Let me begin by saying I do not know, but I think Mike Cane is okay. His undisclosed location is on a hill; I know from the Con Ed map that it is also suffering massive power outages.
We are also okay. We have no power or heat, but we have run an extension cord to the next-door-neighbor’s – they are on a different grid and their power was restored on Tuesday night. So we have internet, and various cooking functions, and are swapping the power between our two refrigerators every 2 hours.
We have a fire in the fireplace, and plenty of blankets and sweaters, and a space-heater for when things get real bad.
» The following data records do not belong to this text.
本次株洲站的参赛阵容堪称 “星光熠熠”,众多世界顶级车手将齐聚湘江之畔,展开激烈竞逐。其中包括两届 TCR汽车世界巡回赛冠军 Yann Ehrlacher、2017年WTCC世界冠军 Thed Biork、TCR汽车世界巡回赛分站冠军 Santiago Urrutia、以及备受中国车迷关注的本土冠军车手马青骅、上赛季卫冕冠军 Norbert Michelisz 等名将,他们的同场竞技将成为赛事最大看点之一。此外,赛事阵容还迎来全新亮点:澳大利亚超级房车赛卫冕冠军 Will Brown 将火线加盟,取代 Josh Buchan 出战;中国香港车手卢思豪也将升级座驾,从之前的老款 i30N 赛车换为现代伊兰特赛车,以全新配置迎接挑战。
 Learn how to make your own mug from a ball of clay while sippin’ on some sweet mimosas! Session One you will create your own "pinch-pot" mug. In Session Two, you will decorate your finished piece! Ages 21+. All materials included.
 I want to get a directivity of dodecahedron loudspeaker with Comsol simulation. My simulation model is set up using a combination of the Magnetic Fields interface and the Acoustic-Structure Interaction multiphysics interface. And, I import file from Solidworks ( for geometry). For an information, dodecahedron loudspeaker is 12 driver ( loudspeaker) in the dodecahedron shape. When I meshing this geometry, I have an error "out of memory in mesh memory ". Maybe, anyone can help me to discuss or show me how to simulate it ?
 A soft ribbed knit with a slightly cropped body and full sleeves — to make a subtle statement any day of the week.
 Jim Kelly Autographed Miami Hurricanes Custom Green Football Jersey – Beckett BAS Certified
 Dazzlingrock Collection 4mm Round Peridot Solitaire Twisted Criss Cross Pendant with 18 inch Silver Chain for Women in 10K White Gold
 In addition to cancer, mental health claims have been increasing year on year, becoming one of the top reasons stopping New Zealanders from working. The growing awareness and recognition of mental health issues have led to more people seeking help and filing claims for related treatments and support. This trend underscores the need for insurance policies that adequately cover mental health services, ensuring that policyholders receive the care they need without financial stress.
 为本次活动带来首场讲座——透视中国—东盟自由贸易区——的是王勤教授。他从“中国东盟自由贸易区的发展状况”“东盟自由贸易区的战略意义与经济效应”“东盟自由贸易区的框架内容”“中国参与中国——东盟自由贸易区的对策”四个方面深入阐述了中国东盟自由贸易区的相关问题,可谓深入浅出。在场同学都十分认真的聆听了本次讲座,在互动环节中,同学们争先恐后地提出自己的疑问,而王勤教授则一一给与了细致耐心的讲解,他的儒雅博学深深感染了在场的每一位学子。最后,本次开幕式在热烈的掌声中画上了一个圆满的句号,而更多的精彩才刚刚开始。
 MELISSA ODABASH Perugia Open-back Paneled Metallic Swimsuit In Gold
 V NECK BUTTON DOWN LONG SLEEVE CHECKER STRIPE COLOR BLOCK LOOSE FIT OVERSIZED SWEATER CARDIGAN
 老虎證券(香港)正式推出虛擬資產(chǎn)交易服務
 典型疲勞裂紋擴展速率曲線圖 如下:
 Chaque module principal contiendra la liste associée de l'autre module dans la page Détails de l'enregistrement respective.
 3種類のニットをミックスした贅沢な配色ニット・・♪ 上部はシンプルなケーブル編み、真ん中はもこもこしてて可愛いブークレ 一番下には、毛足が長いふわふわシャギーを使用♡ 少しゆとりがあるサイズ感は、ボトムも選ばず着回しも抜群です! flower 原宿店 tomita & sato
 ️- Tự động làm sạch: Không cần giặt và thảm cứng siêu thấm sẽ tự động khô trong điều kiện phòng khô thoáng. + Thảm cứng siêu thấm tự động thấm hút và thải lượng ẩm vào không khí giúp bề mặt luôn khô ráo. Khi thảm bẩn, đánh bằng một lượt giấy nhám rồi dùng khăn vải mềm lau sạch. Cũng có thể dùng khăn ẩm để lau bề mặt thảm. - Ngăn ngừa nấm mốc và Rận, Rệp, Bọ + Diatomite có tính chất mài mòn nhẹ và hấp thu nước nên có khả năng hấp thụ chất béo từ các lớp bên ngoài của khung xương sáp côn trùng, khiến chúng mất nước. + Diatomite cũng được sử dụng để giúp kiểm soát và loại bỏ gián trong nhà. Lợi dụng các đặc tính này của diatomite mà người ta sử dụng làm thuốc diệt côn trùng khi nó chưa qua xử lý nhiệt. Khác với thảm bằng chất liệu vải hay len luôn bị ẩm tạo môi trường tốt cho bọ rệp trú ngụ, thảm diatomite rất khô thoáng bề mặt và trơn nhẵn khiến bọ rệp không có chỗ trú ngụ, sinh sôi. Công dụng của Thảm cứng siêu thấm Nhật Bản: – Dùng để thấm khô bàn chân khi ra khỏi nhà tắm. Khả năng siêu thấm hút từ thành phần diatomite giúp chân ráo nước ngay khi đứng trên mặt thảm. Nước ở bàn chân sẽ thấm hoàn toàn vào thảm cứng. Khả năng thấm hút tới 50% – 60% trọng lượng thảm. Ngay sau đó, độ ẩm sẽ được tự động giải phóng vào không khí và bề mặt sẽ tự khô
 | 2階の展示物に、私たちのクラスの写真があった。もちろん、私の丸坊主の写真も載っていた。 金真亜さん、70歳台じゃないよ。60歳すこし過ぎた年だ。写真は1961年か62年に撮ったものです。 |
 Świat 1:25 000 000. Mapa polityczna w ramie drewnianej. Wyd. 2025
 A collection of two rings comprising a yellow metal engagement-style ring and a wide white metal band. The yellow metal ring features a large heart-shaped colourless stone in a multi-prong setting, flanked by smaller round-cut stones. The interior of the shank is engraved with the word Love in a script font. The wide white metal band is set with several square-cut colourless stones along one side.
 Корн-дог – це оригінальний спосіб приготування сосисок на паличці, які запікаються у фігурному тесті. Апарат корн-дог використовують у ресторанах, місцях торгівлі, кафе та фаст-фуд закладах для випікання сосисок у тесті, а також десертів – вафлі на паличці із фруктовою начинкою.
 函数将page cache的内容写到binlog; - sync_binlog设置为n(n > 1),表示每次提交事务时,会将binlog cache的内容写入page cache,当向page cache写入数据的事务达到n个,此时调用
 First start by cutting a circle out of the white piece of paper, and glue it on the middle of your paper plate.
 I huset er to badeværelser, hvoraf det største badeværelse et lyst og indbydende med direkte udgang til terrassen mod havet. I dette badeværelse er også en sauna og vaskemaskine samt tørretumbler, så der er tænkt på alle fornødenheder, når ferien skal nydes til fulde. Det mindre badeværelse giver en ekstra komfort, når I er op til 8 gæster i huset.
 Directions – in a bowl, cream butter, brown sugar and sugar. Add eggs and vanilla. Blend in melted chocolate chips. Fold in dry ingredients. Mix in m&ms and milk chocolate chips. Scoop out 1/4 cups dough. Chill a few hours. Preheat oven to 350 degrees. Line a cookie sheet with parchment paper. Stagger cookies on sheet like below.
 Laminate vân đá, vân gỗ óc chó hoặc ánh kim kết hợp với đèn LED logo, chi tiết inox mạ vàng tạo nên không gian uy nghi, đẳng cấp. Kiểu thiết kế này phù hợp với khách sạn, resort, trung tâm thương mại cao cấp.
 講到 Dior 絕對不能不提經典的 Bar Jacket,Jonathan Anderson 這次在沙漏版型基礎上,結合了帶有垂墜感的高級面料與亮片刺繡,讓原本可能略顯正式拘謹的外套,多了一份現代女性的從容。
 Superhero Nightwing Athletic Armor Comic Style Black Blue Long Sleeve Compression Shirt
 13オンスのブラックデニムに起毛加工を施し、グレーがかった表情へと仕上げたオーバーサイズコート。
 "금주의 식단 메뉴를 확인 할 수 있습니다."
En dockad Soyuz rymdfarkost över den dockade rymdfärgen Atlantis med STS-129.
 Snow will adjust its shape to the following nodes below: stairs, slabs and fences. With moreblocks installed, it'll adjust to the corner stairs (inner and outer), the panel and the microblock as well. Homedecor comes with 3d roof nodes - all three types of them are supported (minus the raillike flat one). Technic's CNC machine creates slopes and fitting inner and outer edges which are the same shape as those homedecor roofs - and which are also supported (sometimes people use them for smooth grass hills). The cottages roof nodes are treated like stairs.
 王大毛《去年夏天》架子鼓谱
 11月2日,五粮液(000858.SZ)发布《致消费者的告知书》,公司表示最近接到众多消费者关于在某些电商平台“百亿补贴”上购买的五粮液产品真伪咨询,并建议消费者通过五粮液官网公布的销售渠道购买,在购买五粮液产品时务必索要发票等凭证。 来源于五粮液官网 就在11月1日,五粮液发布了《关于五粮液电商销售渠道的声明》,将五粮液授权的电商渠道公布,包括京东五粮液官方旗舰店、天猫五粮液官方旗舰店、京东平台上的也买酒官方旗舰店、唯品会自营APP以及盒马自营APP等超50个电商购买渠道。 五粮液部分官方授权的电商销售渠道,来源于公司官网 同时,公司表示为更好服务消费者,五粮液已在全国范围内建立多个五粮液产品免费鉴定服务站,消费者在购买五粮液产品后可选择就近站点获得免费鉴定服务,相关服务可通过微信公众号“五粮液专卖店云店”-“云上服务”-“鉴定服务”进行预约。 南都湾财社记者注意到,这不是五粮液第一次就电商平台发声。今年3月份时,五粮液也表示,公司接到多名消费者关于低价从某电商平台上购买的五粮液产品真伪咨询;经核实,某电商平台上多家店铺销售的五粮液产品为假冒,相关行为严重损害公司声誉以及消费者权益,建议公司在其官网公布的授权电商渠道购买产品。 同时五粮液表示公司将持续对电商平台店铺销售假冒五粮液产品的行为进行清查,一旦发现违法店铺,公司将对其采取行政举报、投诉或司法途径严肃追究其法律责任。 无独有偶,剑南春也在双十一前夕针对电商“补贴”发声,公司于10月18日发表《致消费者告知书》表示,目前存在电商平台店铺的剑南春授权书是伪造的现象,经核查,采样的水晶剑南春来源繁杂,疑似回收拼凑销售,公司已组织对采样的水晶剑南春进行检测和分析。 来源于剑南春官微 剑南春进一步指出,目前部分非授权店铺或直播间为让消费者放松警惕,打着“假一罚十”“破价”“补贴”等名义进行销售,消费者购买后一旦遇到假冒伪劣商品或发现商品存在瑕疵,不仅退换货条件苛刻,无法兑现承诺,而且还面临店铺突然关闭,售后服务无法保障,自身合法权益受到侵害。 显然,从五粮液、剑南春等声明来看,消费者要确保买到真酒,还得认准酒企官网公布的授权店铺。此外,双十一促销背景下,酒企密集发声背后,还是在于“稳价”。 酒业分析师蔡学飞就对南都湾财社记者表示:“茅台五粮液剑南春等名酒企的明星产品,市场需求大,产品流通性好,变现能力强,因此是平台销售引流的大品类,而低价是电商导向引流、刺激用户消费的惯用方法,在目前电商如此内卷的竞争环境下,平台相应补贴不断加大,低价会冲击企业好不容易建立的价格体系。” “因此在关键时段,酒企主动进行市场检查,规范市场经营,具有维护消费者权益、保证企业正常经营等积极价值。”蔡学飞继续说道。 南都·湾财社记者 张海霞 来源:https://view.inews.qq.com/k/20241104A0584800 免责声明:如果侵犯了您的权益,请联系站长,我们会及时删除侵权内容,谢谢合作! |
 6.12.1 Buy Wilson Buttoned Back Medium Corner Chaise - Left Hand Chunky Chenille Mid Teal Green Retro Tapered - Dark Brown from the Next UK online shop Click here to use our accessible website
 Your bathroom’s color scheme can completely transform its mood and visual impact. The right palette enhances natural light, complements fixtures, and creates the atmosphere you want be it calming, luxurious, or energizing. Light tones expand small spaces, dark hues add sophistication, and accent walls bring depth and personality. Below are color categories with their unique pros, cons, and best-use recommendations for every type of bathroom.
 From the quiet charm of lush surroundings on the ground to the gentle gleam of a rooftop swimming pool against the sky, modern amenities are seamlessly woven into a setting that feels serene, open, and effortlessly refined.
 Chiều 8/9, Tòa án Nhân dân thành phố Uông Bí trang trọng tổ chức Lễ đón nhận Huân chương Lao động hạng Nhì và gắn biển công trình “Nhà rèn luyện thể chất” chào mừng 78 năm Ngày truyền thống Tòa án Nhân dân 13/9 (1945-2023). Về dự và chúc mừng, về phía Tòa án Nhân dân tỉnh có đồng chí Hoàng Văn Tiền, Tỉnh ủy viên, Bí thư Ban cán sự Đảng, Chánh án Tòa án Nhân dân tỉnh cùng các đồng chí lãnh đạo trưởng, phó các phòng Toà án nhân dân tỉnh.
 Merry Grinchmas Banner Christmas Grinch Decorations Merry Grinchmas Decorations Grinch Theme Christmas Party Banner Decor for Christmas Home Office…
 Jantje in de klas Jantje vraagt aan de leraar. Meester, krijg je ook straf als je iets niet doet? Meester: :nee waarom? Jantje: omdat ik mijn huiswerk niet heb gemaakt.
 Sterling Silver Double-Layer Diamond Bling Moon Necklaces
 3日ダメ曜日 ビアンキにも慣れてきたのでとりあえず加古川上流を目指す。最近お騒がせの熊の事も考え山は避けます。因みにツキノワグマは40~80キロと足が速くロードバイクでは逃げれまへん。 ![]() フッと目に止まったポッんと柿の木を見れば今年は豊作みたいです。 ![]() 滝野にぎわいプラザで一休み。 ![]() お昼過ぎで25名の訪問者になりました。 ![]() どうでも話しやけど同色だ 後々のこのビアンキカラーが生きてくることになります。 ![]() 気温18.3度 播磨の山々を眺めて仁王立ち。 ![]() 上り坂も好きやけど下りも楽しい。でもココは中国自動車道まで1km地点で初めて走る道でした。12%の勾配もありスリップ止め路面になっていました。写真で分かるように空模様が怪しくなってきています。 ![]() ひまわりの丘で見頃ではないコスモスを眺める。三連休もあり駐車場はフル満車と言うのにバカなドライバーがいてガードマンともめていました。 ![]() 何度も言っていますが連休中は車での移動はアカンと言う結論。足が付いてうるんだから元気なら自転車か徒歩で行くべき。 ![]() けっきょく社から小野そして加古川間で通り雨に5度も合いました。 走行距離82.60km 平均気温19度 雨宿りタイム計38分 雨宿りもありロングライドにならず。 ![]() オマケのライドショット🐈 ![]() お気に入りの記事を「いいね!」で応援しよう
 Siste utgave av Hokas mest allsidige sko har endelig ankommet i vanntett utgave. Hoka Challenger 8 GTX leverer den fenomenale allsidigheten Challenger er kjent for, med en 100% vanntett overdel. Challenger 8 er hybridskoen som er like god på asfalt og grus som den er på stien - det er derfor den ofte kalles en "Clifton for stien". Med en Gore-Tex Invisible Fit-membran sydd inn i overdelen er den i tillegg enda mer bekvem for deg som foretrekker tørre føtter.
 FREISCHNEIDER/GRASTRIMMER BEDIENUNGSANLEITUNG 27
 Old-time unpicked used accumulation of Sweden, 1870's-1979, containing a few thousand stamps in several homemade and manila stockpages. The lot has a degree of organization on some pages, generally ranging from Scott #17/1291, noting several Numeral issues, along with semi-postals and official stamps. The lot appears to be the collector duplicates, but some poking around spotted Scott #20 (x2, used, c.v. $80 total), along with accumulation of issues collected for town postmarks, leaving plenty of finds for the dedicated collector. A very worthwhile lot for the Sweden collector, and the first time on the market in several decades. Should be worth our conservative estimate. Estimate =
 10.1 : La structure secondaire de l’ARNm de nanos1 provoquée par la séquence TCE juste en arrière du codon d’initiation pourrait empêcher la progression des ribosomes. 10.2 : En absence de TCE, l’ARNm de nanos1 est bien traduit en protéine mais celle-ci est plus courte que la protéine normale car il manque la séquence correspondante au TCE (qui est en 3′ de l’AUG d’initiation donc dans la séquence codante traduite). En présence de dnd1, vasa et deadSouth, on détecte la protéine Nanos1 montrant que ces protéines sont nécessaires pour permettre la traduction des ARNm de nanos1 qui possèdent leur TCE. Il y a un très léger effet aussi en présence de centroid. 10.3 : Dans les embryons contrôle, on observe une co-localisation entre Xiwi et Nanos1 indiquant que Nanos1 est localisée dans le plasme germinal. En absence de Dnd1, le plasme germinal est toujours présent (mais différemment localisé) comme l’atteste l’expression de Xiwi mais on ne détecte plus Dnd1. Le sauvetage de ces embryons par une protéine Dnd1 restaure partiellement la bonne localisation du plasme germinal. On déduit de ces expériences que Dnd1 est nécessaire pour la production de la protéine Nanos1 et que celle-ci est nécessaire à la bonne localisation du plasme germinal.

Staten Island is kind of like Sicily in that it has a lot of hills (non-volcanic, mercifully) surrounded by coastline. The coasts, particularly the South Shore, are what took the brunt of the beating. So far, there are 14 confirmed deaths, but they haven’t done the house-to-house searching yet because the floodwaters are still high. There are a lot of downed power lines all over the island. Statistically, Staten Island suffered the worst power outages of the 5 boroughs in terms of population – around 75% of homes and businesses were without power. Even Manhattan’s below-34th-street-outage did not compare with SI’s per capita outage. (I feel like I need to say this because we are often “the forgotten borough”.) Now, about 2/3 of the island is back online, according to Con Ed, but so far that has not reached our house (why yes, I am cranky, how did you guess?).
The biggest concern here seems to be procuring gas for cars and generators. We are getting some new shipments in periodically but it’s not enough to satisfy demand.
The devastation in Tottenville and on the East Shore is pretty breathtaking. Not just trees and smashed cars, but whole homes and families washed away. Boats lifted out of the marinas and pushed onto streets. A water tanker washed ashore.
We’ll be all right. Normal will come slowly, and then suddenly.